Les remparts de Obernai :
Constituent l’un des ensembles fortifiés médiévaux les mieux conservés d’Alsace. Leur histoire est étroitement liée au développement de la ville au Moyen Âge.
Vers 1240, Obernai obtient le statut de ville impériale sous les Hohenstaufen. Ce nouveau statut permet à la cité de construire ses premières fortifications afin de protéger la population, les marchés et les activités commerciales. Une première enceinte en pierre aurait été édifiée autour de 1275-1280.
Après les destructions liées aux conflits régionaux du XIIIe siècle, notamment l’incendie de la ville en 1262, les défenses sont renforcées. Une seconde enceinte concentrique est construite à partir de 1298, créant un système défensif particulièrement impressionnant pour l’époque.

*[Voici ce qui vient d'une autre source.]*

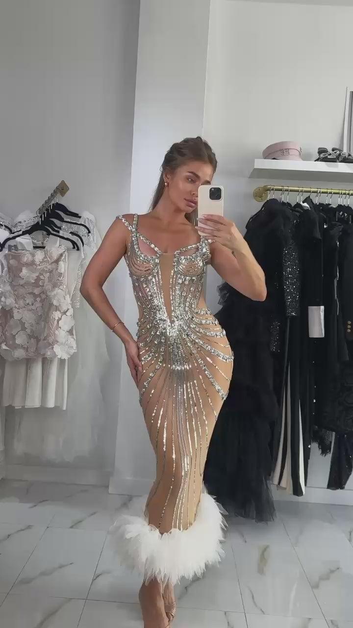 Be the ultimate fashion queen in this Jessica Bara Katniss Crystal Feather Maxi Dress. With crystal detailing and unique feather design, you'll stand out in any crowd. Perfect for a glamorous evening or special occasion. Who needs wings when you have this feather dress?

Aux XIVe et XVe siècles, les remparts sont agrandis pour inclure les faubourgs. La ville devient en 1354 membre de la Décapole, l’alliance des dix villes impériales d’Alsace, ce qui renforce encore son importance stratégique et économique.
Les fortifications comprennent alors :
une double enceinte,
des fossés alimentés par l’Ehn,
des tours de défense,
des bastions adaptés à l’artillerie,
et douze portes fortifiées.
Aux XVIe et XVIIe siècles, les remparts sont modernisés pour résister aux progrès de l’artillerie. Malgré cela, les guerres de la Guerre de Trente Ans causent des dégâts importants. Après l’annexion de l’Alsace par la France sous Louis XIV, les fortifications perdent progressivement leur rôle militaire.
À partir du XVIIIe siècle et surtout au XIXe siècle, plusieurs portes sont démolies afin de faciliter la circulation et l’urbanisation. Cependant, une grande partie des murailles et de nombreuses tours subsistent encore aujourd’hui. Les remparts sont classés monument historique depuis 1898.
Actuellement, environ 1,5 km de remparts sont conservés. Ils entourent encore le centre historique d’Obernai et constituent une promenade emblématique offrant une vue sur les maisons médiévales, les vignobles et le Mont Sainte-Odile.